1. To gauge the importance of baseline tumor heterogeneity in the patient.
2. To validate prognostic markers in terms of plasma circulating tumor DNA (ctDNA) dynamics and create an early detection method for therapy-resistant clones.

In the study, the researchers could correlate high heterogeneity (detected by serial ctDNA monitoring) with inferior disease outcome. Complete clearance of tumor ctDNA after nine weeks correlated with a better prognosis. Moreover, scRNA-seq on biopsy material revealed a good therapeutic effect on HER2-positive clones, supporting the ctDNA findings.

Conversely, the researchers observed in some patients an expansion of clones in which scRNA-seq detected transcriptional resistance programs (associated with expressed MT1H, MT1E, MT2A & MSMB genes). This latter observation correlated with a worse prognosis, which gives reason to focus on the detected genes as future therapeutic targets. Perhaps as important, it also showcases the potential of scRNA-seq in a diagnostic/prognostic setting to support biomarker identification.

Dissect kinase inhibitor effects and immunotoxicity in head and neck cancer

• Indication: Head and neck cancer
• Therapy modality: Kinase inhibitors (cancer growth blockers) as immunotherapy
• scRNA-seq application: Study mechanism of action & mechanism of toxicity
• Single-cell analyses: Gene expression analysis & clonal dynamics analysis of the tumor microenvironment and immune system in different treatment regimens (in human and mice)

Summary

Overactive phosphoinositide 3-kinase (PI3K) is observed in various cancers and immune disorders, leading to the development of multiple PI3K inhibitors. Currently, at least six are approved, and over 35 are in clinical trials (clinicaltrials.gov). These inhibitors not only directly target cancer cells but also trigger an antitumor immune response. In a phase-II clinical trial, single-cell sequencing revealed increased cytotoxicity genes in infiltrating T cells and a rise in activated regulatory T (Treg) cells (Eschweiler et al., 2022). The latter implied that a Treg displacement from the tumor microenvironment may be part of the inhibitor’s mechanism of action. However, more than half of the patients discontinued treatment due to immune-related adverse effects, specifically colonic inflammations.

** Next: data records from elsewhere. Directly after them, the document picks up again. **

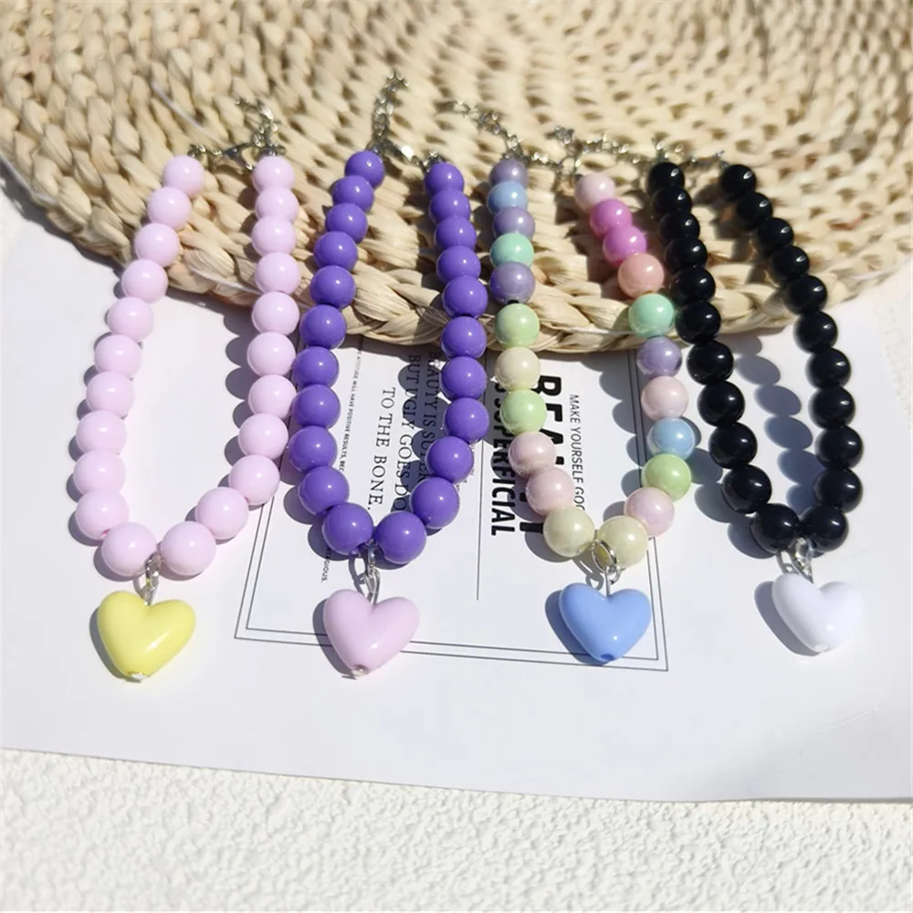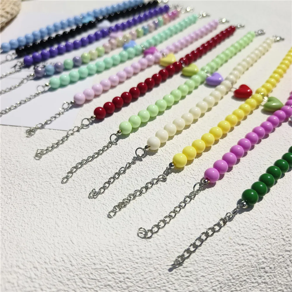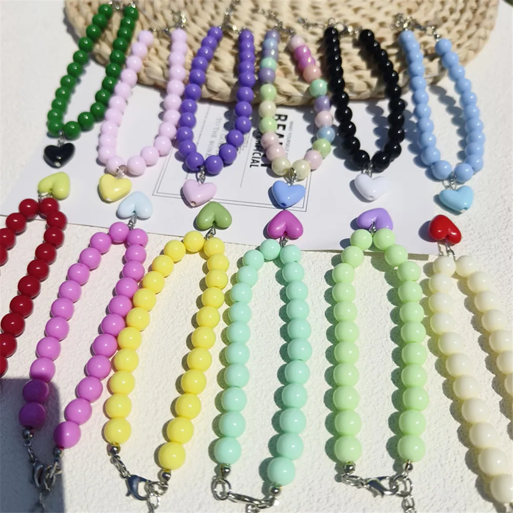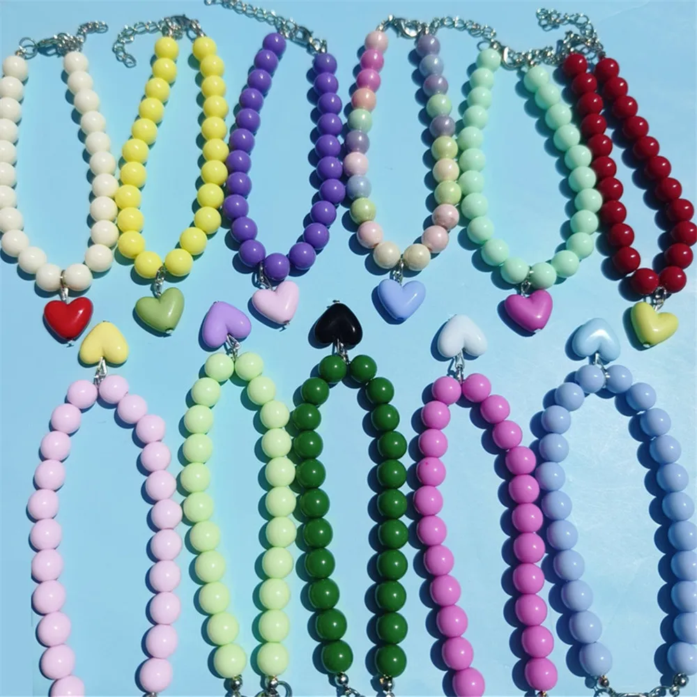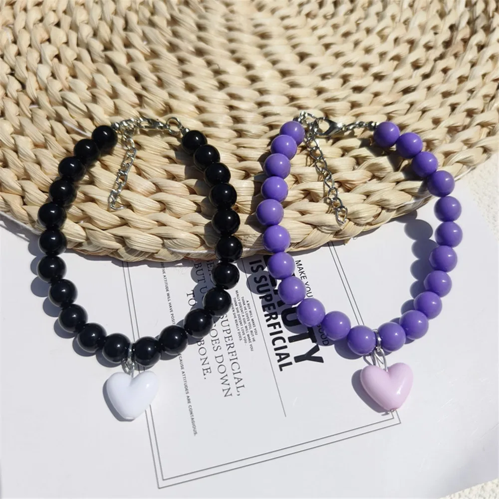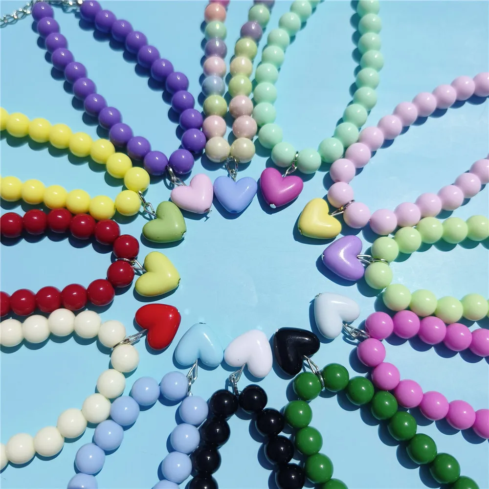 Collar de perlas de colores caramelo para mascotas, Collar ajustable con colgante en forma de corazón para perros pequeños y medianos, suministros para mascotas, 1 ud.
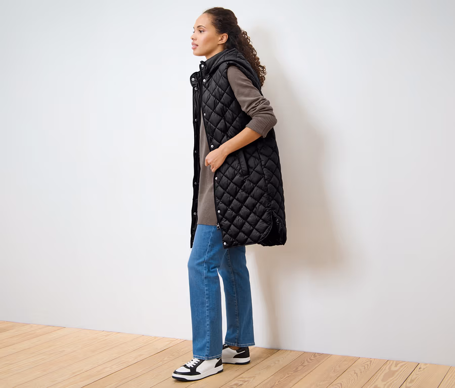 Dlouhá prošívaná vesta s kapucí
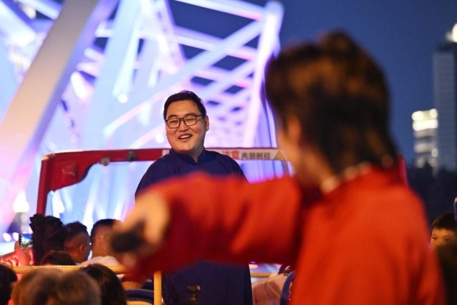 “相聲巴士”的定制化夜間游覽線路,將古文化街、鼓樓、意式風(fēng)情區(qū)、解放橋、天津站世紀(jì)鐘、津?yàn)硰V場(chǎng)、望海樓、“天津之眼”摩天輪等20余處地標(biāo)景點(diǎn)串聯(lián)成線。演員在途中結(jié)合景點(diǎn)進(jìn)行講解,讓觀眾除了能享受海河兩岸夜景和沉浸式津味相聲外,還能深入了解天津歷史,品味天津特色文化。
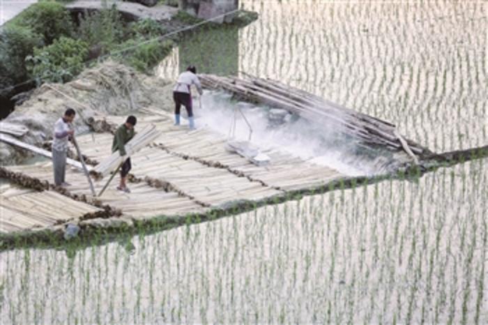 图为 6月26日,在隆回县滩头镇桃林村,李秋桂(中)和父母在料凼里劳作。
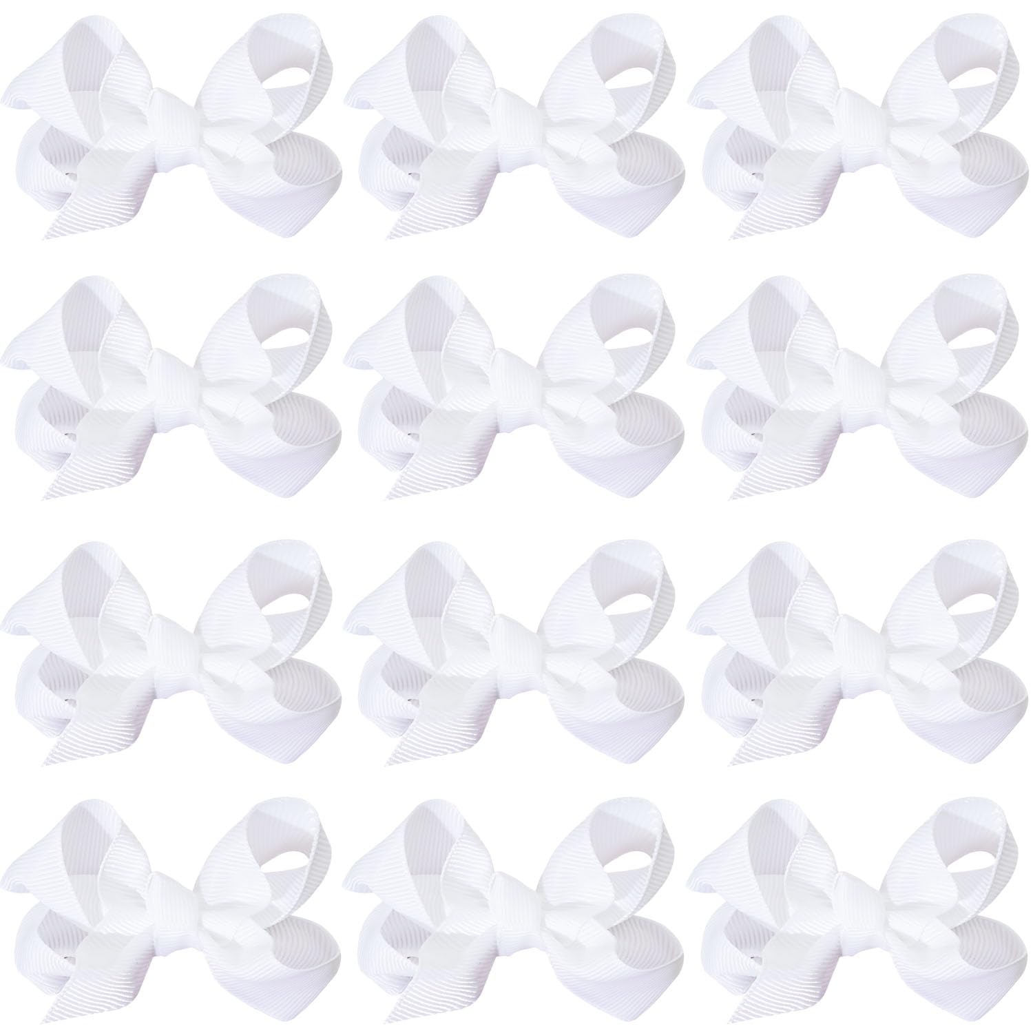 12 PCS 3" Hair Bow Clips Grosgrain Ribbon Solid Color Hair Bow With Alligator Clips Hair Accessories for Teen Toddler Little Girls
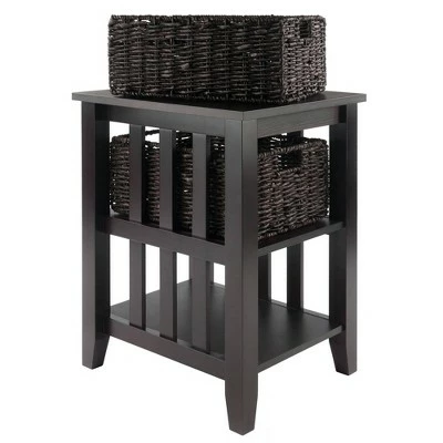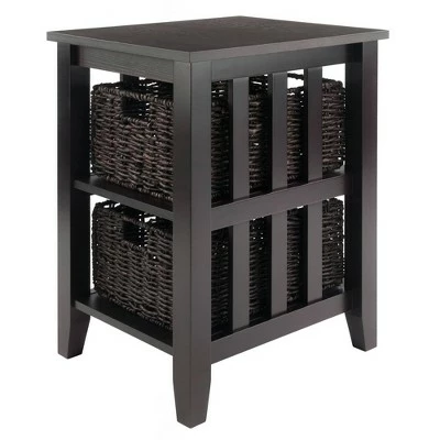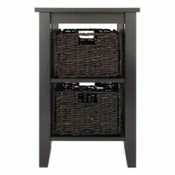 Whether you’re finishing your bathroom, walk-in closet or child’s room, this Morris Side Table with Baskets from Winsome is the ideal choice. This accent side table features a two-shelf design, and the included woven baskets provide a handy storage option that makes this piece ideal for keeping your items in place. The dark stain lends a sophisticated look, while the side slats are the perfect finishing touch. Whether you use this wooden side table to stash clothing, bathroom necessities or toys, you’ll love the refined feel it adds to your home.
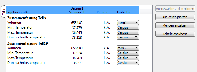 Anhand der Ergebnisteile kann die Temperatur eines ausgewählten Teils schnell ermittelt werden. Um die Ergebnisse mehrerer Teile zu vergleichen, definieren Sie diese als Zusammenfassungsteile, und zeigen Sie deren Ergebnisse auf der Registerkarte "Kritische Werte" der Ausgabeleiste an.
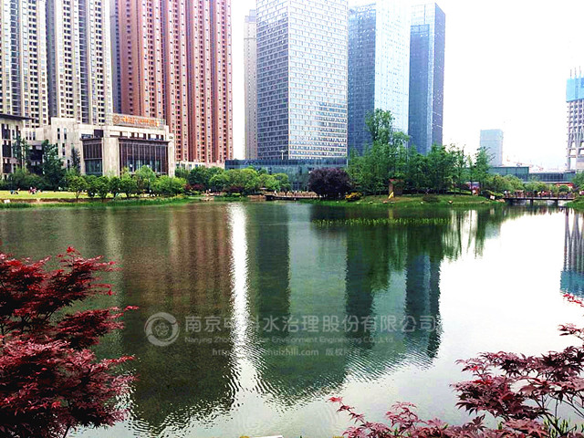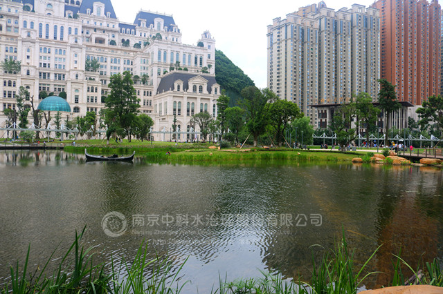 南京中科水治理股份有限公司于2013年12月10日開始,對景觀湖進行清水型生態(tài)系統(tǒng)構(gòu)建工程,實施的主要內(nèi)容有:水體透明度提升、挺水植物、沉水植物群落構(gòu)建,魚類、大型底棲動物群落構(gòu)建,水質(zhì)指標監(jiān)測,及養(yǎng)護管理。2014年2月17日,清水型生態(tài)系統(tǒng)構(gòu)建工程較計劃提前1個月完工并通過驗收。至今,主要水質(zhì)指標仍達到《國家地表水環(huán)境質(zhì)量標準》GB3838-2002Ⅱ類水標準,超過合同規(guī)定的 Ⅳ類水要求,水質(zhì)清澈見底,水生動植物多樣性提高,有效抑制了水體富營養(yǎng)化趨勢。

To further investigate, the researchers employed a mouse model resembling patient conditions. In mice, single-cell sequencing showed that PI3K inhibitors substantially affected a specific Treg subset in the colon. These immunosuppressive Tregs were replaced by clonally expanded (i.e., activated) pathogenic T cell populations, leading to toxicity. Interestingly, the level of toxicity correlated with dosing regimens and intermittent dosing curbed toxicity in mice. The authors propose testing intermittent dosing in clinical trials and stratifying patients based on their baseline Treg concentration in the tumor microenvironment to enhance efficacy.

Takeaways

The exploitation of single-cell RNA sequencing in Phase-II clinical trials is sporadic, yet versatile. Single-cell sequencing is used today almost exclusively in trials for (immuno-)oncological applications, including cancer vaccines. Here, the studies leverage two of single-cell technology’s unique capabilities:

1. Mapping out immune cell clonality and thereby characterizing the immune therapeutic or, conversely, immunotoxicity response.
2. Disentangling tumor heterogeneity and thereby pinpointing prognostically relevant tumor clones.

More Phase-II studies

• Coupling whole exome sequencing data to scRNA-seq data to study tumor evolution and find mechanisms of action in responders in gastric cancer (Kwon et al., 2021).
• Cell type identification of the immune system in pembrolizumab (antibody therapy) responders among hepatocellular carcinoma patients (Hong et al., 2022).
• A Phase-II study of immunotherapy combination prembrolizumab + capecitabine in advanced biliary tract carcinoma patients. scRNA-seq in one partial responder provided additional evidence that immune infiltration and clonal evolution played a role in the response (Monge et al., 2022).